Oct 30th: Hex or Treat Day in Stat 100
- Wear a Halloween costume and get either a hex sticker or candy!!

Goals for Today

Finish up: Regression with polynomial explanatory variables
Modeling guidance

Sampling variability
Sampling distributions

Which Are You?

Data Visualizer

Data Wrangler

Model Builder

Linear Regression

Model Form:

\[ \begin{align} y &= \beta_o + \beta_1 x_1 + \beta_2 x_2 + \cdots + \beta_p x_p + \epsilon \end{align} \]

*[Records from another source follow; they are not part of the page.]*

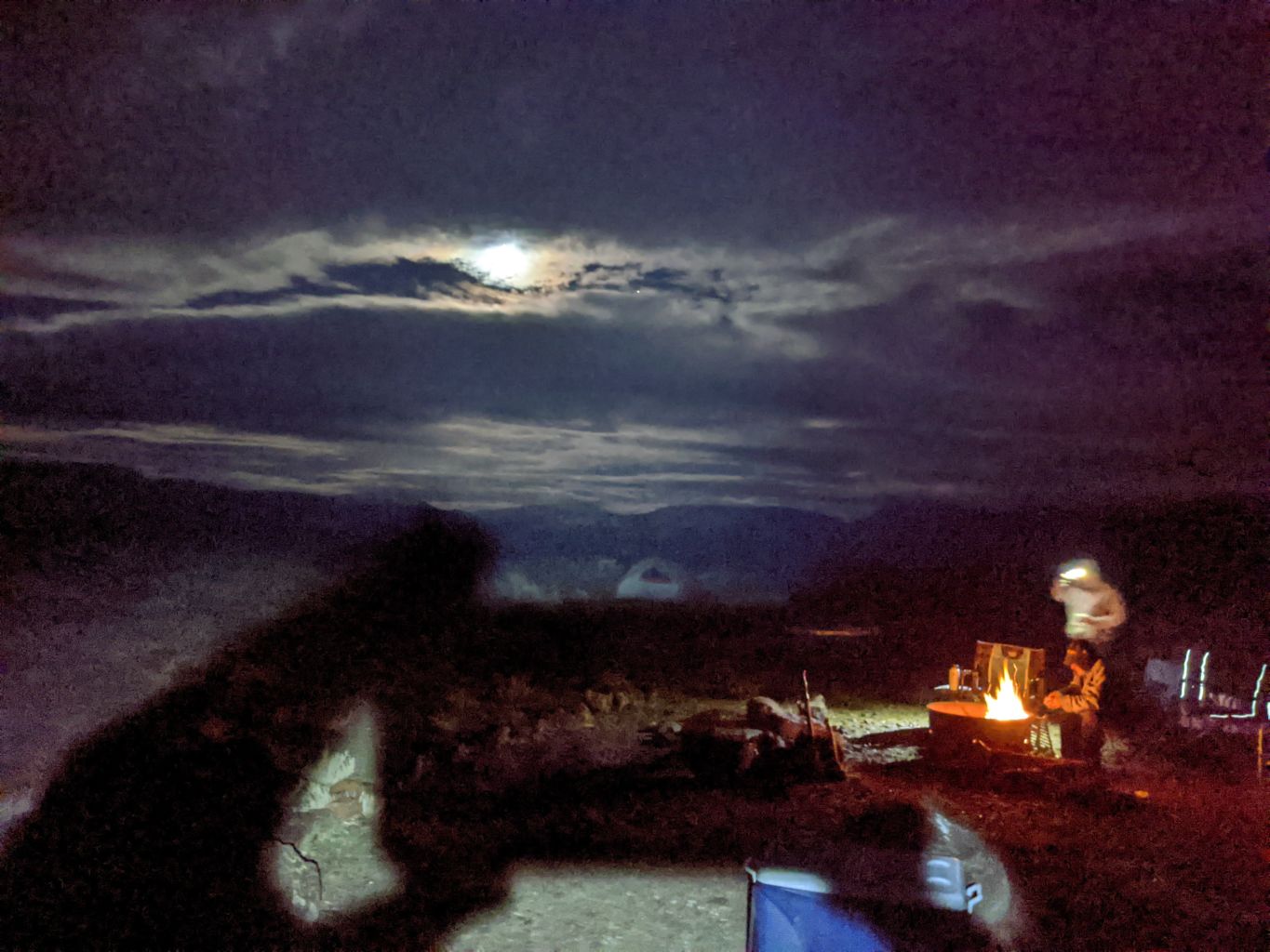In keeping with all our trips, we had 4 times the food we needed. Since Bob and Bill were staying a third night, we decided we would eat the food Ken and I brought for dinner; pork chops and eggplant. We got a fire going in the pit and another in the Weber bottom I brought, and in a first, in my memory anyway, we heated up briquettes on a grill over the fire. It was extraordinary and effective. Kenny BBQ’d the chops to perfection and I heated up the eggplant in the Dutch oven. The boys were satisfied. I shared a bottle of the 2018 Storelli-Hart Zin blend and then Kenny and I got into cocktails. He and I hovered around the fire for a bit, perhaps to extend the night a little longer with a morning departure already encroaching on our minds.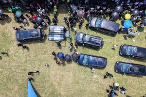 (260126) -- JOHANNESBURGO, 26 enero, 2026 (Xinhua) -- Vista aérea tomada con un dron el 25 de enero de 2026 de un funeral celebrado para las víctimas que murieron en el accidente de un vehículo escolar de Vanderbijlpark, en Sebokeng, Sudáfrica. El número de muertos se incrementó a 14 después de una colisión entre un minibus y un camión el 19 de enero en Vanderbijlpark, en el sur de Johannesburgo, Sudáfrica, confirmaron las autoridades locales. (Xinhua/Shiraaz Mohamed) (rtg) (ah) (vf)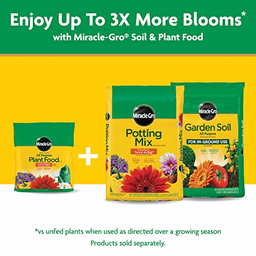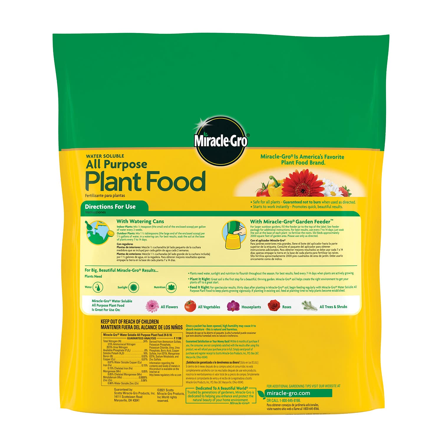 When you use Miracle-Gro® Water Soluble All Purpose Plant Food to instantly feed flowers, vegetables, roses, trees, shrubs, and houseplants you'll enjoy bigger and more beautiful plants vs. unfed plants. For best results, feed your plants every 7 to 14 days when they are actively growing. Use with a Miracle-Gro® Garden Feeder to feed your outdoor flowerbeds. Also, there’s a convenient measuring scoop included so you can easily measure and add to any watering can, then feed your indoor plants or outdoor container plants while watering. For best results, feed your plants by soaking the soil at the base of the plants to fertilize the roots when watering with Miracle-Gro® Plant Food. In-between feedings, reseal the remaining plant food in the waterproof bag change to "for easy storage". The Miracle-Gro® Water Soluble All Purpose Plant Food 5 lb. bag will feed up to 2,000 sq. ft. The formula is safe for all plants and will not burn when used as directed. Enjoy beautiful results with Miracle-Gro®.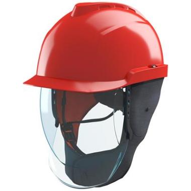 De helm is uitgerust met een ingebouwd helder polycarbonaat gelaatsscherm dat bescherming biedt tegen verschillende gevaren, waaronder stoten, chemische spatten, UV-straling en spatten van gesmolten metaal. Het gelaatsscherm is voorzien van een hoogwaardige anticondens- en kraswerende coating en is compatibel met correctie- en veiligheidsbrillen. De unieke verlengde oor- en nekflappen bieden extra bescherming tegen vlambogen tot 7kA.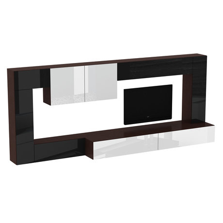 Композиция для гостиной. Все модули коллекции Сubo крепятся к стене. Двери шкафов и выдвижные ящики открываются по принципу «нажал-открыл». Глубина шкафов: 37 см.

Linear regression is a flexible class of models that allow for:

Both quantitative and categorical explanatory variables.
Multiple explanatory variables.
Curved relationships between the response variable and the explanatory variable.
BUT the response variable is quantitative.

Example: Movies

Let’s model a movie’s critic rating using the audience rating and the movie’s genre.

library(tidyverse)
movies <- read_csv("https://www.lock5stat.com/datasets2e/HollywoodMovies.csv")

# Restrict our attention to dramas, horrors, and actions
movies2 <- movies %>%
  filter(Genre %in% c("Drama", "Horror", "Action")) %>%
  drop_na(Genre, AudienceScore, RottenTomatoes)
glimpse(movies2)

Rows: 313
Columns: 16
$ Movie            <chr> "Spider-Man 3", "Transformers", "Pirates of the Carib…
$ LeadStudio       <chr> "Sony", "Paramount", "Disney", "Warner Bros", "Warner…
$ RottenTomatoes   <dbl> 61, 57, 45, 60, 20, 79, 35, 28, 41, 71, 95, 42, 18, 2…
$ AudienceScore    <dbl> 54, 89, 74, 90, 68, 86, 55, 56, 81, 52, 84, 55, 70, 6…
$ Story            <chr> "Metamorphosis", "Monster Force", "Rescue", "Sacrific…
$ Genre            <chr> "Action", "Action", "Action", "Action", "Action", "Ac…
$ TheatersOpenWeek <dbl> 4252, 4011, 4362, 3103, 3778, 3408, 3959, 3619, 2911,…
$ OpeningWeekend   <dbl> 151.1, 70.5, 114.7, 70.9, 49.1, 33.4, 58.0, 45.3, 19.…
$ BOAvgOpenWeekend <dbl> 35540, 17577, 26302, 22844, 12996, 9791, 14663, 12541…
$ DomesticGross    <dbl> 336.53, 319.25, 309.42, 210.61, 140.13, 134.53, 131.9…
$ ForeignGross     <dbl> 554.34, 390.46, 654.00, 245.45, 117.90, 249.00, 157.1…
$ WorldGross       <dbl> 890.87, 709.71, 963.42, 456.07, 258.02, 383.53, 289.0…
$ Budget           <dbl> 258.0, 150.0, 300.0, 65.0, 140.0, 110.0, 130.0, 110.0…
$ Profitability    <dbl> 345.30, 473.14, 321.14, 701.64, 184.30, 348.66, 222.3…
$ OpenProfit       <dbl> 58.57, 47.00, 38.23, 109.08, 35.07, 30.36, 44.62, 41.…
$ Year             <dbl> 2007, 2007, 2007, 2007, 2007, 2007, 2007, 2007, 2007,…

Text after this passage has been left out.